Центральный тезис Маркса состоит в том, что когда есть рынок, существует не только эксплуатация и господство, но и происходит инверсия мира людей и мира вещей: вещи персонифицируются, обретают жизнь; их, скажем так, окружает магический ореол, — а люди и общественные отношения овеществляются, превращаются в предметы. Происходит процесс инверсии субъекта и объекта, людей и вещей. И что господствует при рынке и капитализме? Мир вещей, предметов. Предметы имеют куда большее значение, чем люди, и во всем их разнообразии Маркса интересуют прежде всего деньги, ибо для него это не просто вещь, но совокупность общественных отношений. В своем труде (и «Капитал» здесь выступает конечным пунктом всех его размышлений на протяжении десятилетий) для того, чтобы разгадать тайну денег, «всеобщего эквивалента», как он их называет, Маркс пытается изобразить длинный и сложный ряд исторических общественных форм. Он спрашивает: «Почему деньги являются тайной, почему деньги стоят больше, чем люди?» И, чтобы ответить на этот вопрос, пишет «Капитал». В капиталистическом обществе деньги царствуют, а люди подчиняются. Деньги — царь и бог. Там, где есть рынок и капитализм, истинный бог не в церкви, а на фондовой бирже, в частной собственности на средства производства.

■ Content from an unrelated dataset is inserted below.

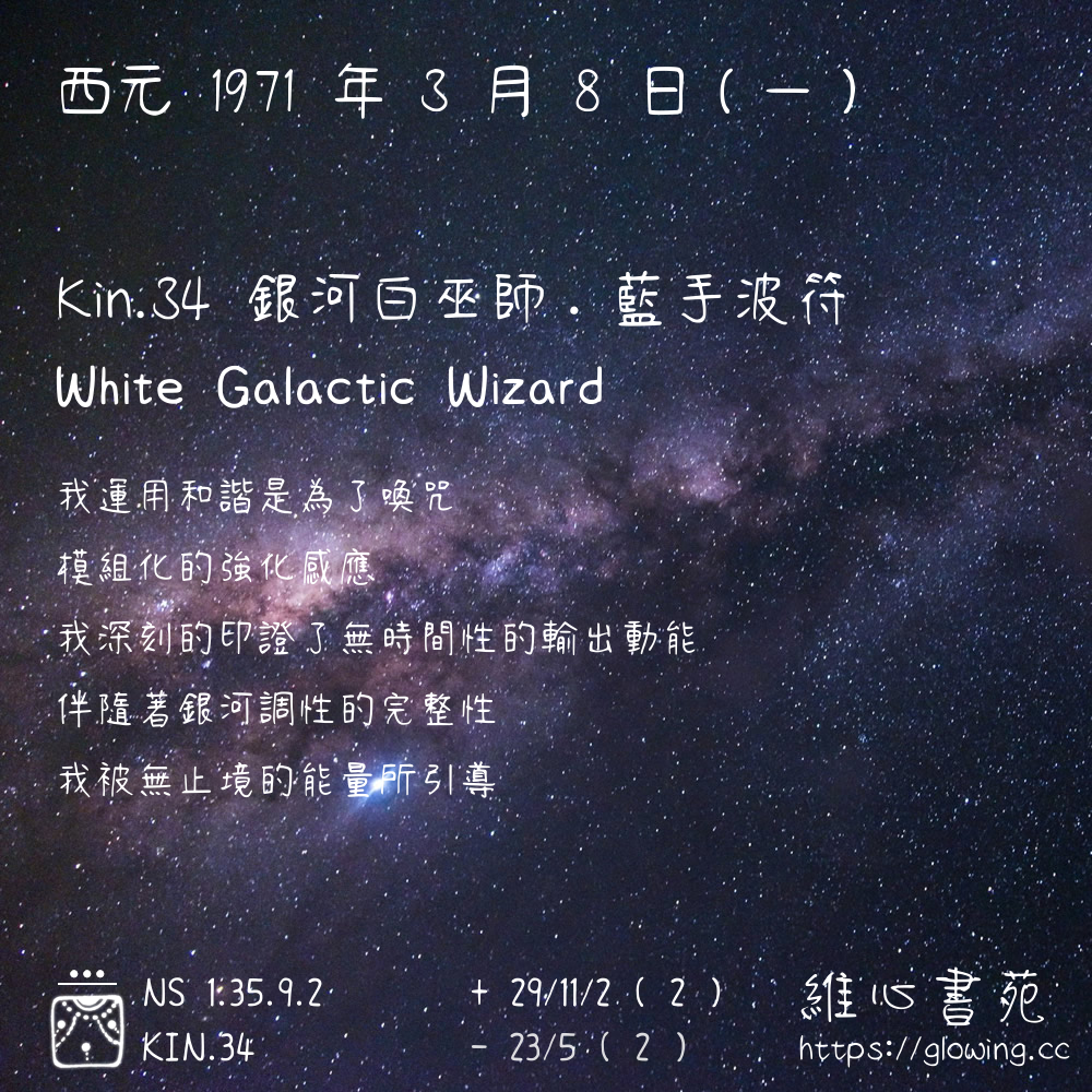 我們可以稱 KIN 34 為 【銀河白巫師】 、 【銀河的白巫師】 、 【藍手波符 之 銀河白巫師】 也可以是 【銀河白巫師.藍手波符】 ,你比較喜歡哪一個稱號呢?

Теория фетишизма — ядро «Капитала». Вокруг нее он выстраивает теорию стоимости, а теория стоимости, в свою очередь, является базисом, на котором стоит теория эксплуатации, или теория прибавочной стоимости, принципиальная теория устройства мировой капиталистической системы. В чем же суть фетишизма? Вещи становятся независимыми от своих создателей, объекты, созданные человеческим трудом, обретают собственную жизнь и, в конце концов, подчиняют создателей, подчиняют мир рабочего класса. Этот процесс Маркс уже анализировал в молодости в другой работе — «Экономическо-философских рукописях», а тридцать лет спустя, в «Капитале», снова появляются подобные рассуждения. Схожи ли «Рукописи» и «Капитал»? Нет. Есть общие задачи — в обеих работах автор нацелен на критику капитализма, частной собственности на средства производства, эксплуатации, господства, отчуждения, — однако аргументация различается. В чем же разница? В «Рукописях 44-го года» для критики капиталистического рынка, капиталистической системы, эксплуатации и отчужденного труда, он использует очень неоднозначное выражение — понятие «человеческой сущности». Что такое отчужденный труд? Это потерянная «человеческая сущность». Предметы имеют ценность, люди ее не имеют. Чем ярче товар, тем глубже люди уходят в тень[2]. В «Капитале» он возвращается к размышлениям об этом, но здесь есть фундаментальное различие. Из его аргументации исчезает понятие «человеческой сущности», и появляется другая категория — категория общественных, а именно производственных отношений.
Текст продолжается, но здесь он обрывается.